However, nothing prevents the child from doing something other than exec - it’s free to use the memory space however it desires! This approach now leads to memory overcommittment - Linux has promised memory it does not have. As a result, when it really does run out of physical memory, Linux will just kill off processes until it has some memory back. Linux makes an awfully big fuss about “never breaking userspace” for a kernel that will lie about memory it doesn’t have, then kill programs that try to use the back-alley memory they were given. That this nearly 50 year old crappy design choice has come to this astonishes me.

Alas, I cannot rant forever without discussing the alternatives. There are better process models that have been developed since Unix!

The first attempt I know of is BSD’s vfork syscall, which is, in a nutshell, the same as fork but with severe limitations on what you do in the child process (i.e. nothing other than calling exec straight away). There are loads of problems with vfork. It only handles the most basic of use cases: you cannot set up a pipe, cannot set up a pty, and can’t even close open file descriptors you inherited from the parent. Also, you couldn’t really be sure of what variables you were and weren’t editing or allowed to edit, considering the limitations of the C specification. Overall this syscall ended up being pretty useless.

Another model is posix_spawn, which is a hell of an interface. It’s far too complicated for me to detail here, and in my opinion far too complicated to ever consider using in practice. Even if it could be understood by mortals, it’s a really bad implementation of the spawn paradigm — it basically operates like fork backwards, and inherits many of the same flaws. You still have to deal with children inheriting your file descriptors, for example, only now you do it in the parent process. It’s also straight-up impossible to make a genuine pipe with posix_spawn. (Note: a reader corrected me - this is indeed possible via posix_spawn_file_actions_adddup2.)

Let’s talk about the good models - rfork and spawn (at least, if spawn is done right). rfork originated from plan9 and is a beautiful little coconut of a syscall, much like the rest of plan9. They also implement fork, but it’s a special case of rfork. plan9 does not distinguish between processes and threads - all threads are processes and vice versa. However, new processes in plan9 are not the everything-must-go fuckfest of your typical fork call. Instead, you specify exactly what the child should get from you. You can choose to include (or not include) your memory space, file descriptors, environment, or a number of other things specific to plan9. There’s a cool flag that makes it so you don’t have to reap the process, too, which is nice because reaping children is another really stupid idea. It still has some problems, mainly around creating pipes without tremendous file descriptor fuckery, but it’s basically as good as the fork model gets. Note: Linux offers this via the clone syscall now, but everyone just fork+execs anyway.

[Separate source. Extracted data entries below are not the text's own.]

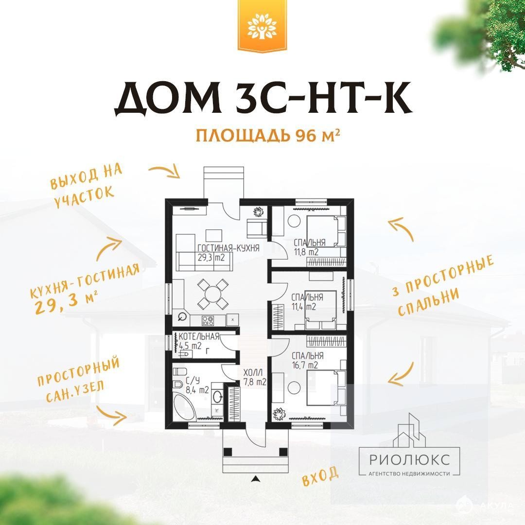 Площадь дома — 96 м² Планировка: — 3 просторных комнаты (11, 8 м²; 11, 4 м²; 16, 7 м²) — большая кухня-гостиная, (29, 3 м²) с выходом на задний двор; — большой сан. узел площадью 8, 4 м²; — все коммуникации уже подведены. Обновленный вариант популярного типа дома, который отлично зарекомендовал себя в посёлках Светлый и Грин Парк. Металлический сайдинг ЭЛЬБРУС — это совершенно новый вид фасадных покрытий. Преимущество стальной имитации бруса очевидна. Ламинация окон в цвет отделки придаёт дому законченный вид. Итог: это продуманный и надёжный дом, представленный в обновленном виде, который точно привлечет ваше внимание и внимание проходящих мимо людей.
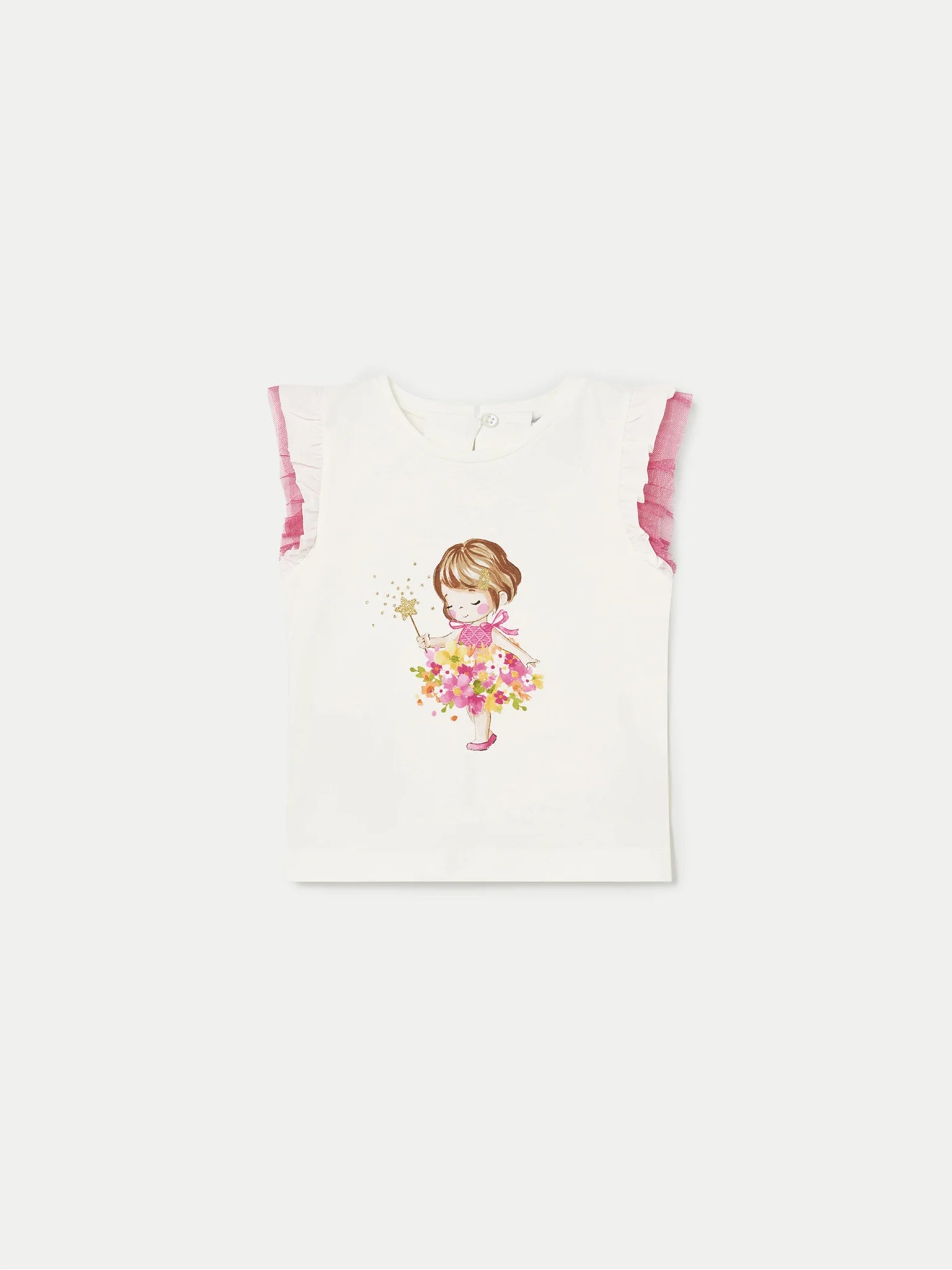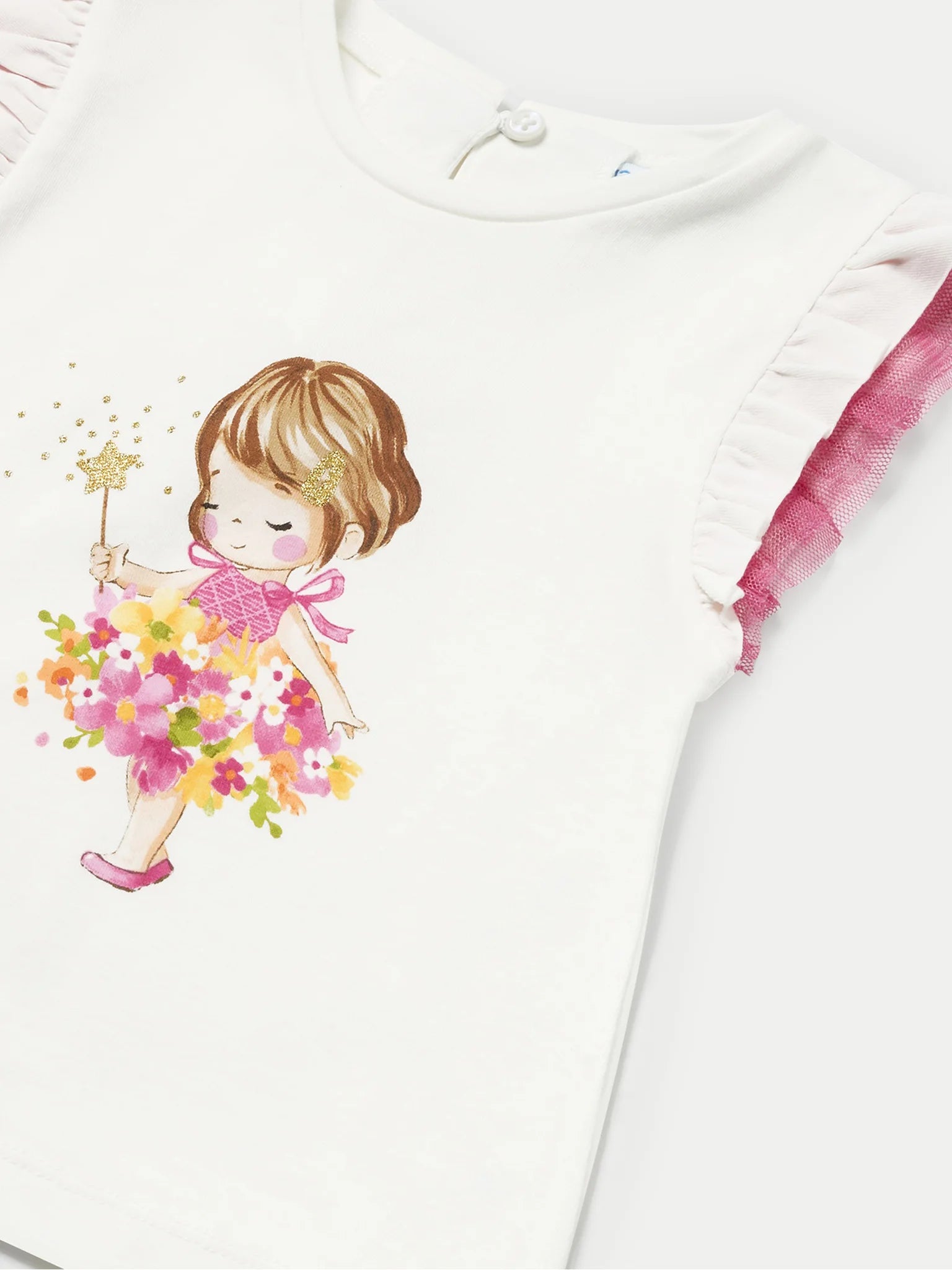 Cada día puede ser una celebración del estilo con este conjunto para niña de Mayoral, compuesto por una falda de tul rosa con volantes y una camiseta sin mangas con estampado femenino.
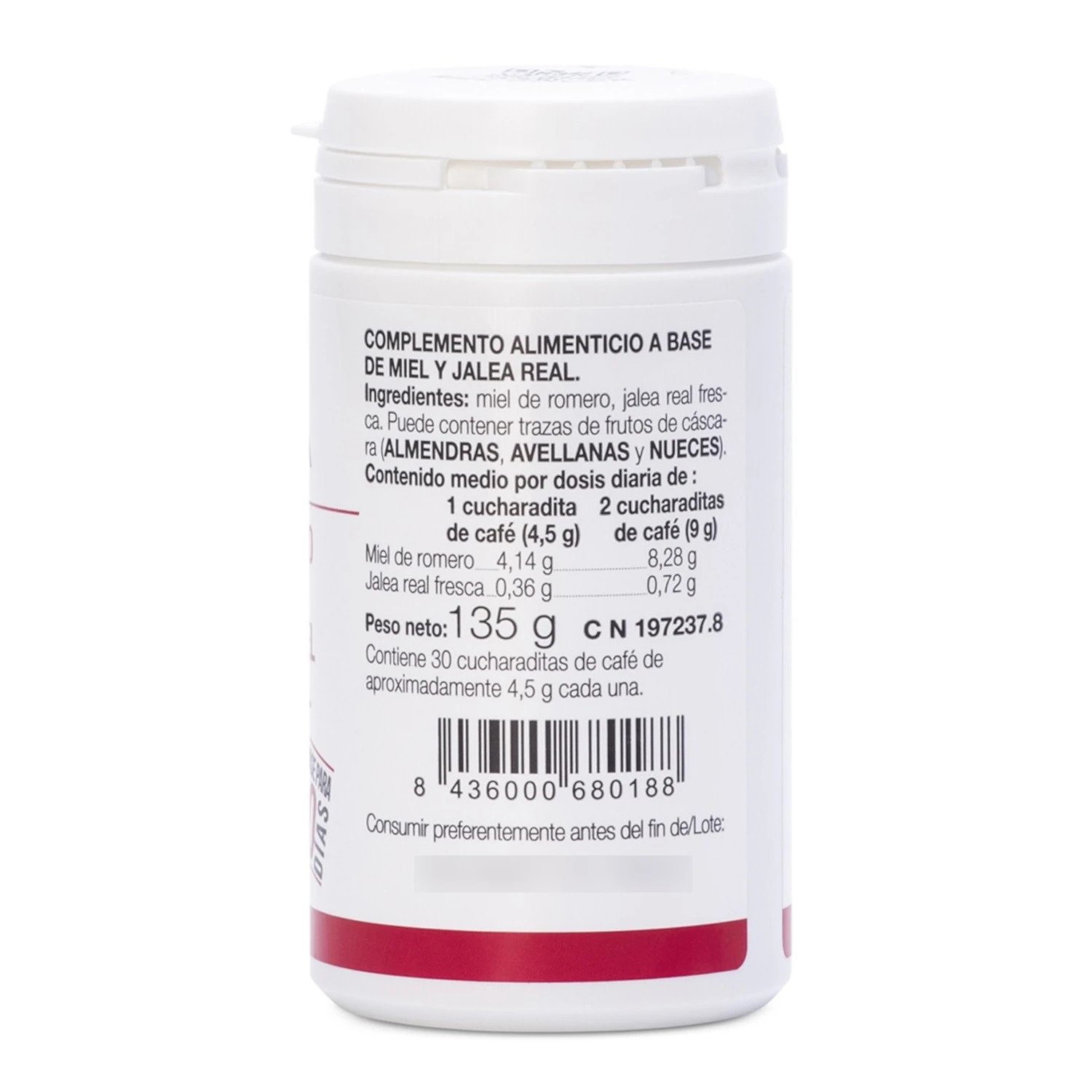 · Ingredientes Naturales: Contiene miel de romero y jalea real fresca, enriquecido con vitaminas del grupo B, hierro, fósforo y calcio. Estos ingredientes han sido cuidadosamente seleccionados por sus propiedades nutricionales, ofreciendo un complemento de alta calidad.
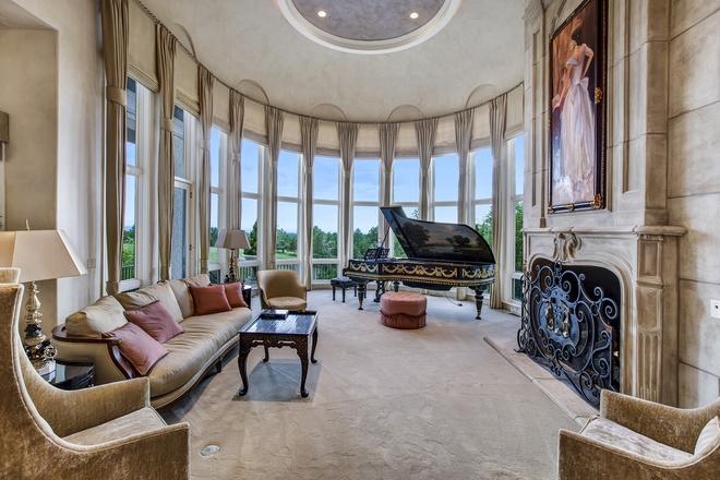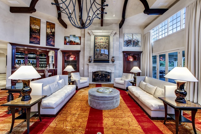 Phòng khách rộng lớn, sang trọng, được trang hoàng với những nội thất cao cấp, thanh lịch. Ngôi nhà này có diện tích gần 4.200 m2 với 11 phòng ngủ và 24 phòng tắm.

The other model is the spawn model, which I prefer. This is the approach I took in my own kernel for KnightOS, and I think it’s also used in NT (Microsoft’s kernel). I don’t really know much about NT, but I can tell you how it works in KnightOS. Basically, when you create a new process, it is kept in limbo until the parent consents to begin. You are given a handle with which you can configure the process - you can change its environment, load it up with file descriptors to your liking, and so on. When you’re ready for it to begin, you give the go-ahead and it’s off to the races. The spawn model has none of the flaws of fork.

Both fork and exec can be useful at times, but spawning is much better for 90% of their use-cases. If I were to write a new kernel today, I’d probably take a leaf from plan9’s book and find a happy medium between rfork and spawn, so you could use spawn to start new threads in your process space as well. To the brave OS designers of the future, ready to shrug off the weight of legacy: please reconsider fork.